In the entries below, find the line containing "Rafael, a Chumash" and the line containing "Eurovision Song Contest". Copy those two lines and everything between them exactly, without the pictures.

Top of RECORDS FOR THE TASK

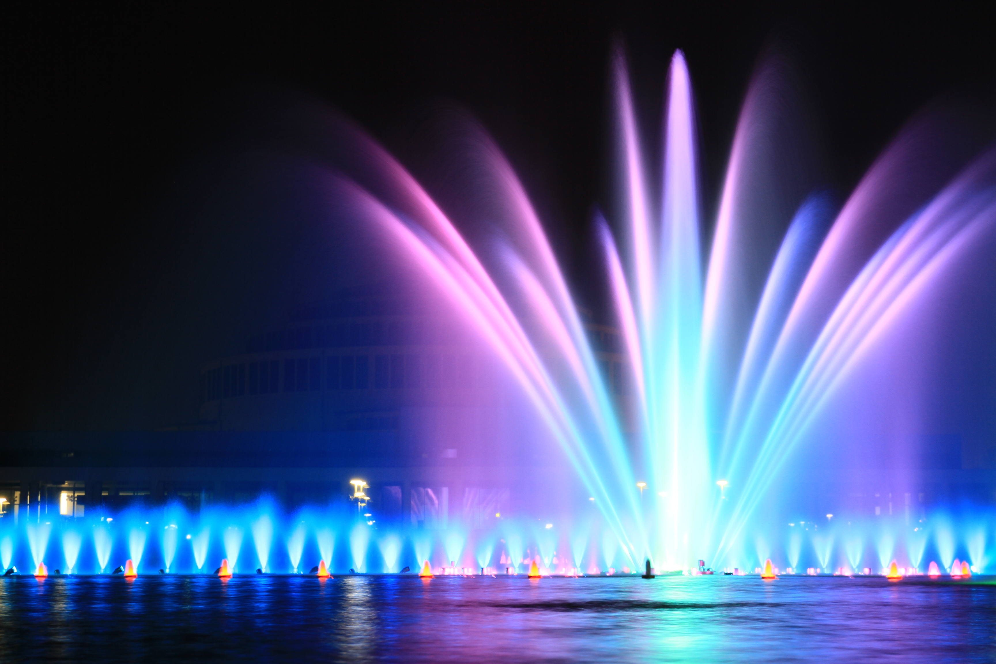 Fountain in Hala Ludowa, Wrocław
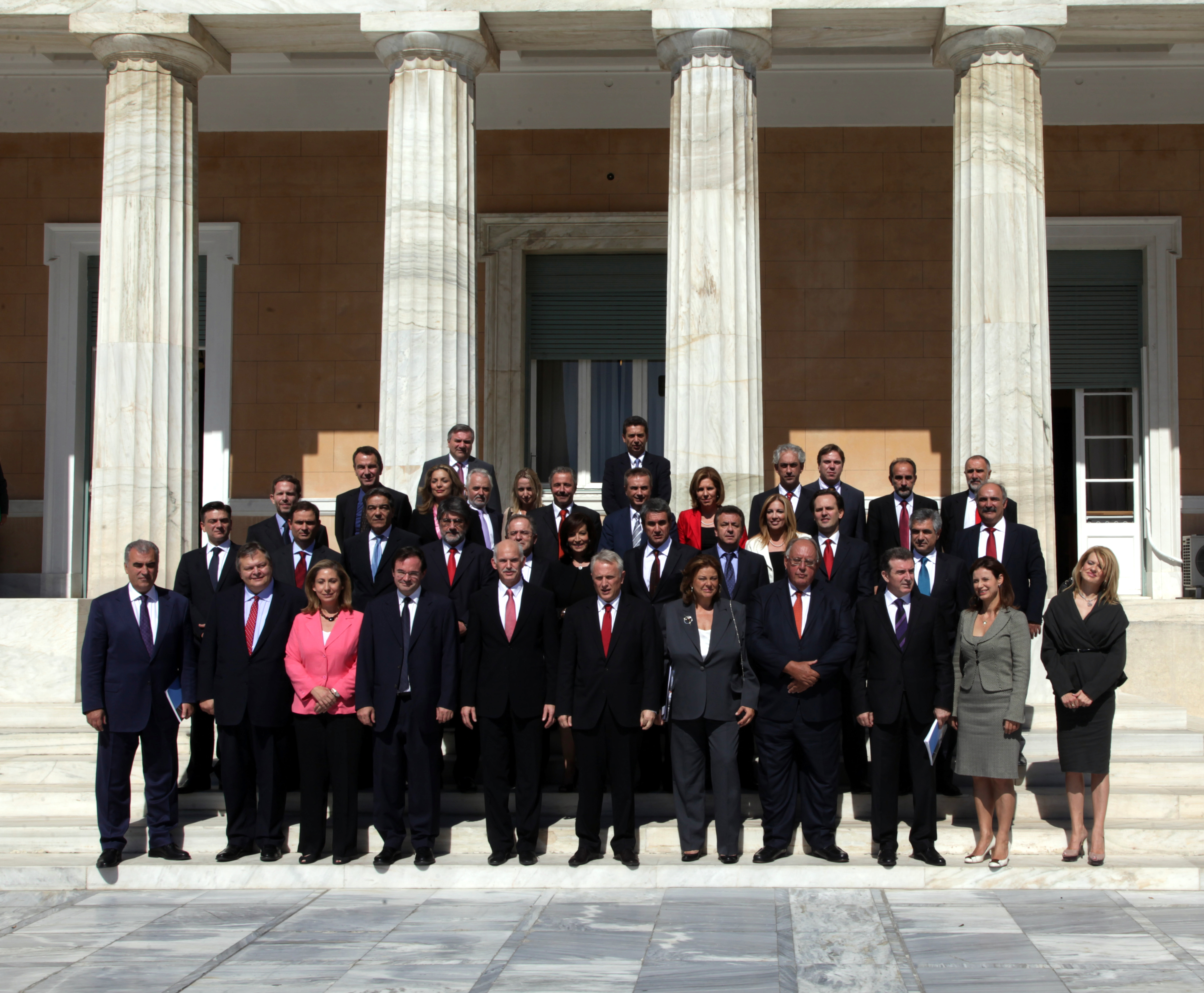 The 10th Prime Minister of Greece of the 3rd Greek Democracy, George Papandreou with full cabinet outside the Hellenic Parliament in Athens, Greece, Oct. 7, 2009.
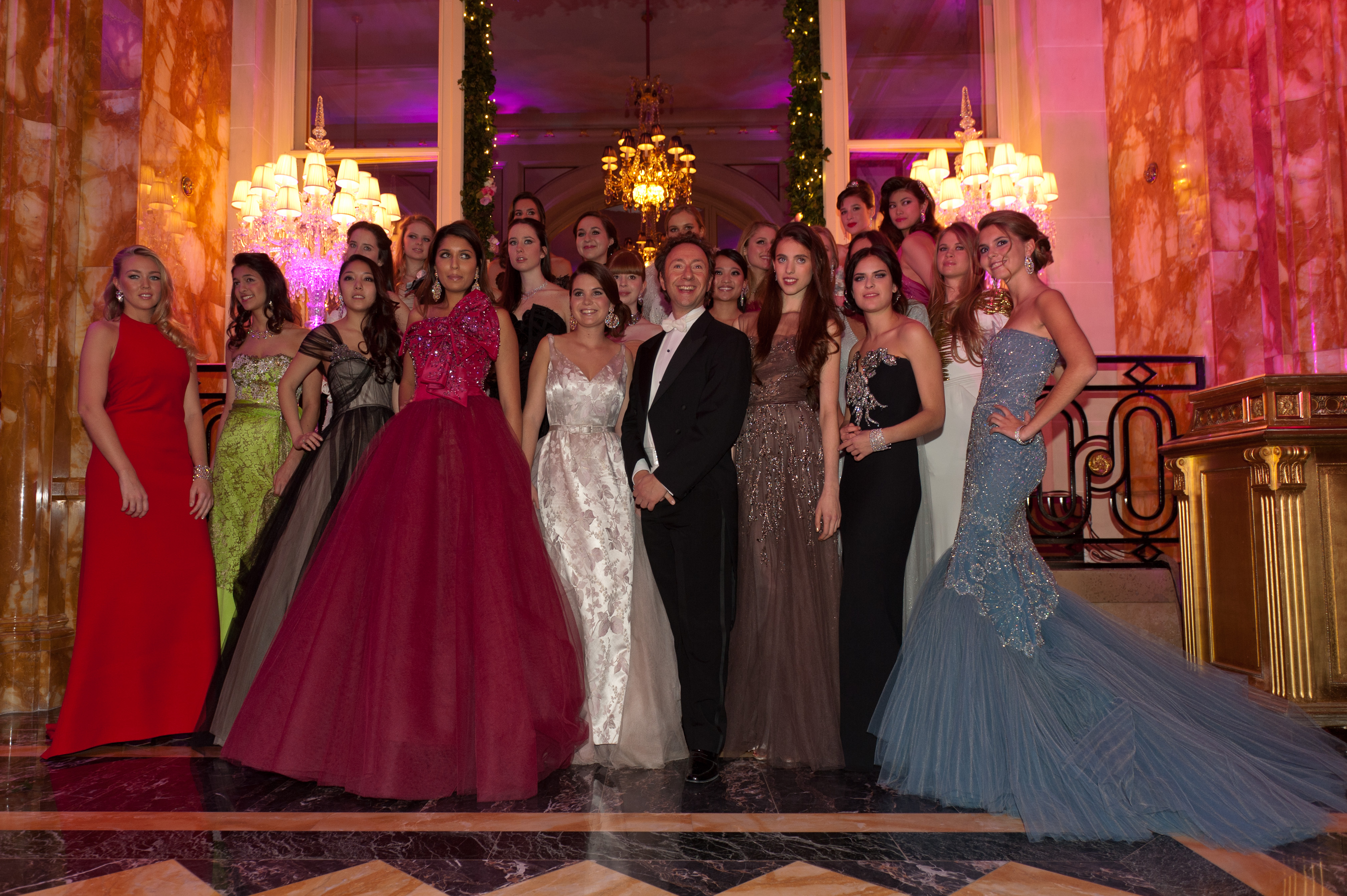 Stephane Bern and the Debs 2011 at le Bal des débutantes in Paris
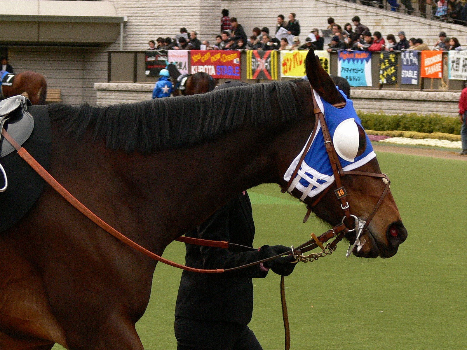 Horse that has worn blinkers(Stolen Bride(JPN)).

Bottom of RECORDS FOR THE TASK
Top of RECORDS FOR THE TASK

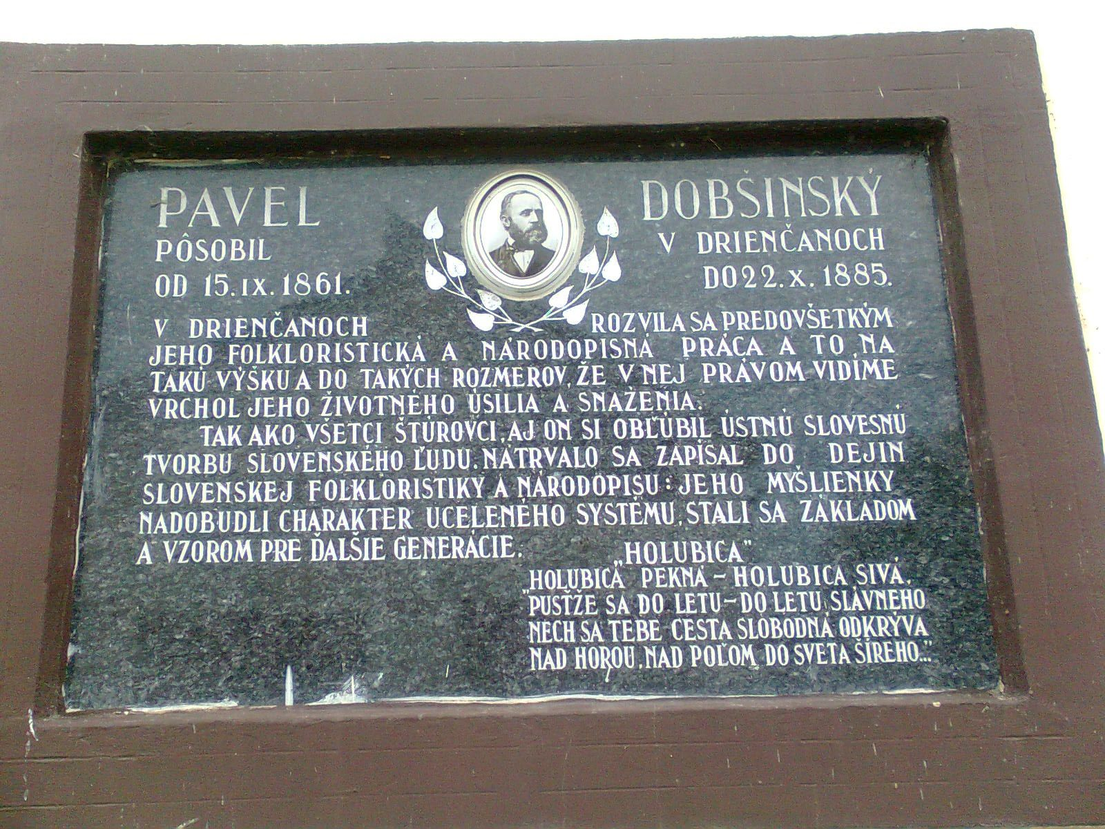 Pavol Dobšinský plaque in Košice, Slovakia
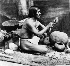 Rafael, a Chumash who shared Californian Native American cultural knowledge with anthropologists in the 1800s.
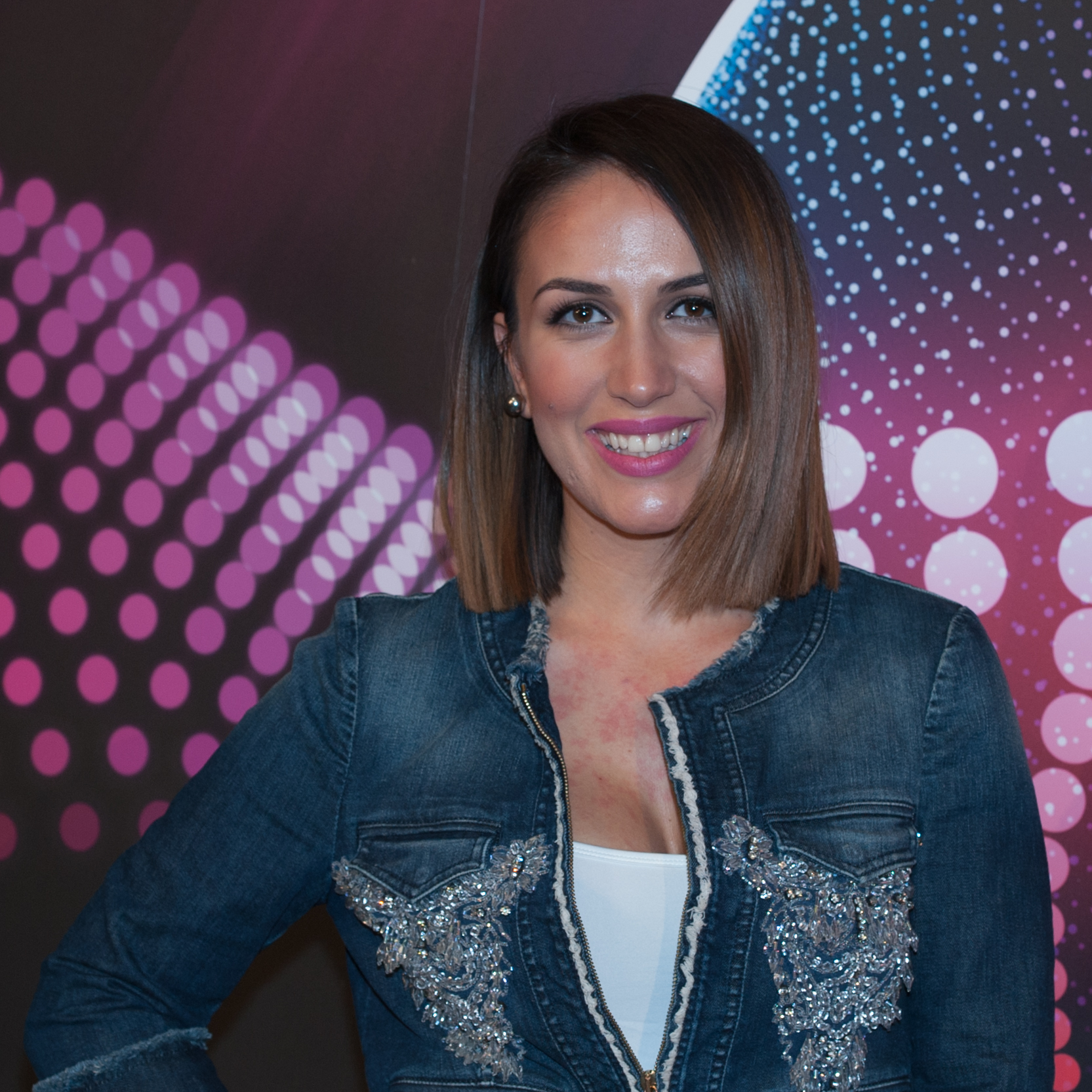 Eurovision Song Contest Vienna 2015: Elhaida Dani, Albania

Bottom of RECORDS FOR THE TASK
Top of RECORDS FOR THE TASK

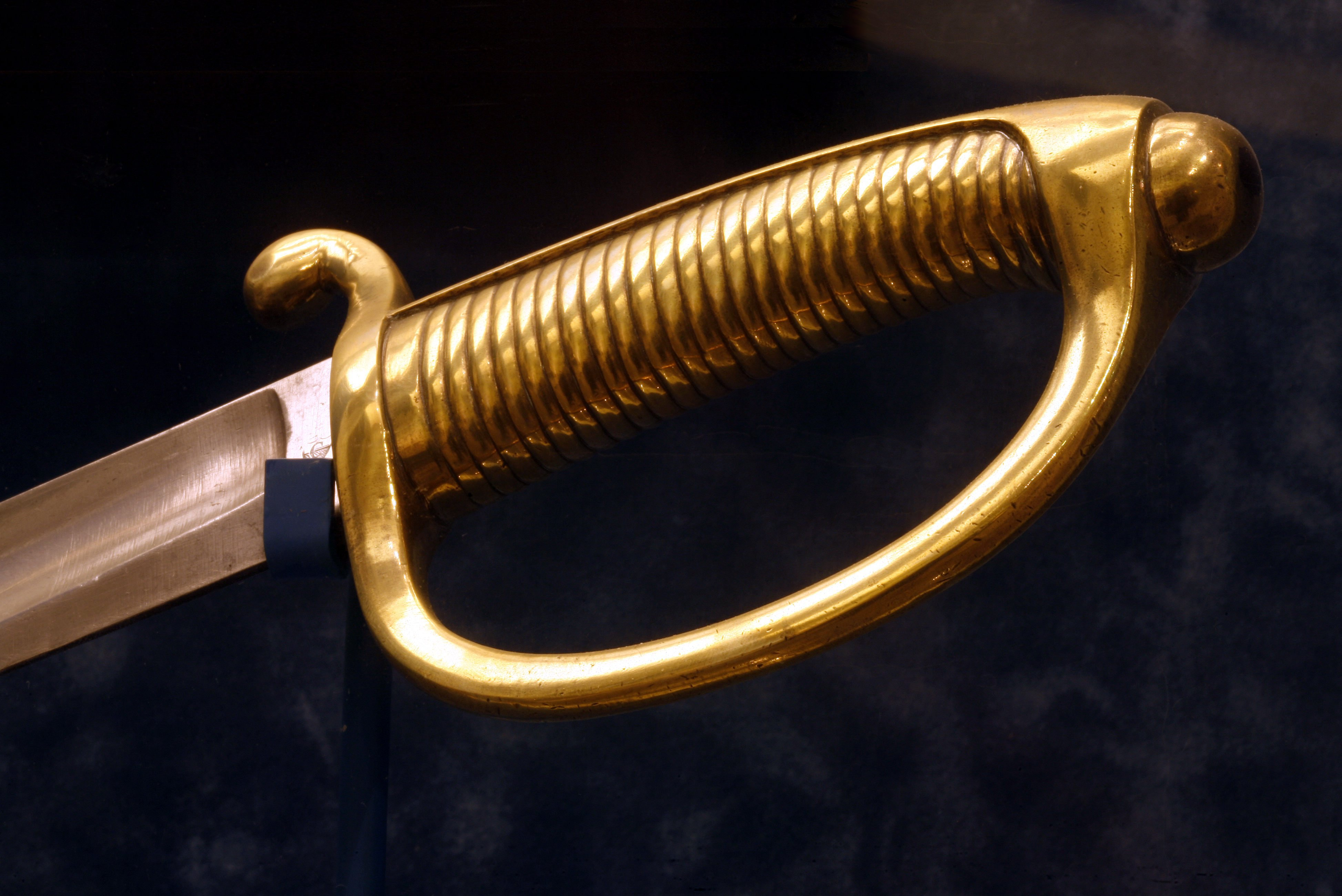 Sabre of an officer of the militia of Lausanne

Bottom of RECORDS FOR THE TASK

> **TASK SOLUTION**
 Rafael, a Chumash who shared Californian Native American cultural knowledge with anthropologists in the 1800s.
 Eurovision Song Contest Vienna 2015: Elhaida Dani, Albania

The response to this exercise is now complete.